Numbers: 1 2 3 4 5 6 7 8 9 10 11 12 13 14 15 16 17 18 19 20 21 22 23 24 25 26 27
Remainders: 1 2 3 0 1 2 3 0 1 2 3 0 1 2 3 0 1 2 3 0 1 2 3 0 1 2 3

As you can see, there are four different remainder values: 0, 1, 2, and 3. If we draw five integers, based on the pigeonhole principle, at least two of them must have the same remainder when divided by 4.
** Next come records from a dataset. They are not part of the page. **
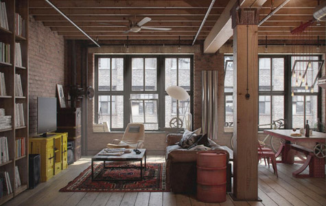 The living area has the exposed brick left unpainted with unfinished wooden cube shelves lining a wall, and old industrial painted desk supporting a widescreen television, a comfortable suede couch, modern armchair, old filing cabinet, painted oil drum, and wood and metal coffee table serving as surfaces. There is television, stereo, and video game console equipment in the desk cubbies. The dining table is made of an industrial kitchen counter, with a heavy weight gear system intended to raise and lower it for various dough rolling and packaging purposes. Metal chairs are set around it, and Edison bulbs hang from cords above for lighting.
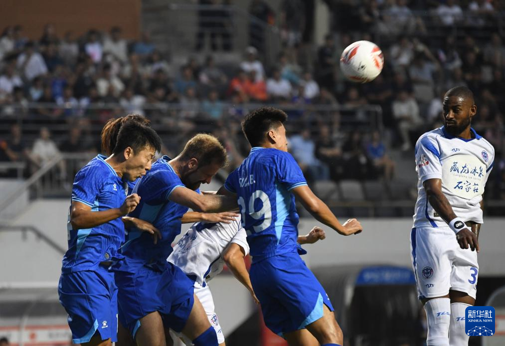 6月29日,石家庄功夫队球员丹克莱尔(左二)在比赛中头球进攻。新华社发(梁子栋摄)
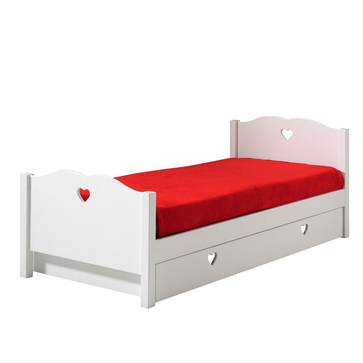 With sweet heart details, the Amori Kids Single Bed will be an adorable addition to any youngsters room. Manufactured from solid pine and MDF, this sturdy bed is sure to be able to handle even the most energetic of children! With a simple white finish, it will suit any interior style and with a cute cut-out heart detail, your kiddie is sure to love it! With other coordinating items in the Amori collection, you could even give your little one's bedroom a complete makeover and give them the room of their dreams.
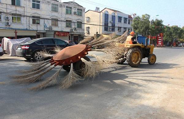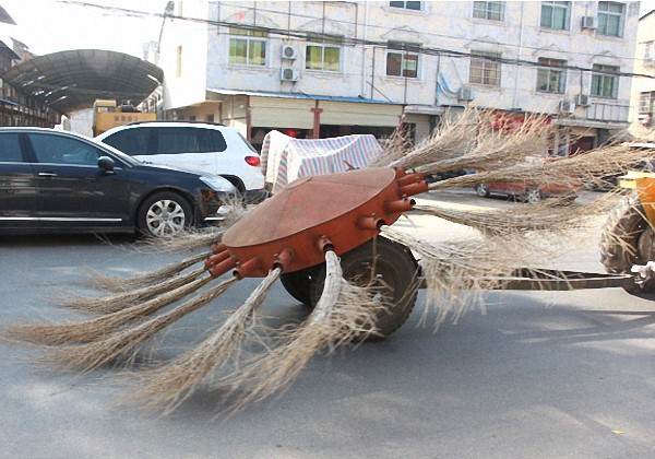 The sweeper consists of a motor-driven rotary plate attached to 16 brooms. By dragging the machine behind a tractor, sanitation workers have been able to dramatically improve their work efficiency.
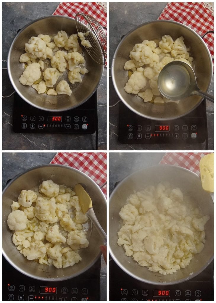 In der Zwischenzeit fahre mit dem Kochen des Blumenkohls fort.
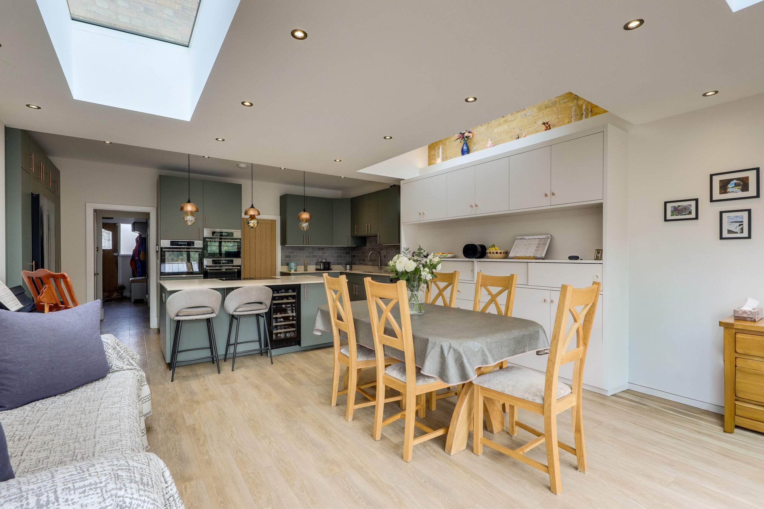 The ground floor has been thoughtfully composed to support modern living. At the rear, an open-plan kitchen and dining room forms the bright, uplifting heart of the home, with expansive glazing that draws in natural light and frames serene garden views. To the front, a welcoming living room offers a peaceful retreat, while a well-appointed utility room and discreet guest W/C introduce valuable everyday practicality.
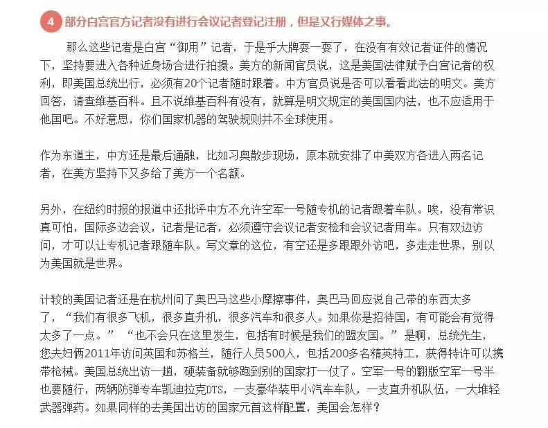 原來,所謂的“不愉快”,是因為一些美國記者不守規矩,耍大牌。

For example, if we pick the numbers 5, 9, 14, 18, and 23:

Numbers: 5 9 14 18 23
Remainders: 1 1 2 2 3

Among those numbers, 9 and 23 have the same remainder (1) when divided by 4. Thus, their difference (23 - 9 = 14) is divisible by 4.

Therefore, at least five numbers need to be drawn to ensure that there are two numbers whose difference is divisible by 4.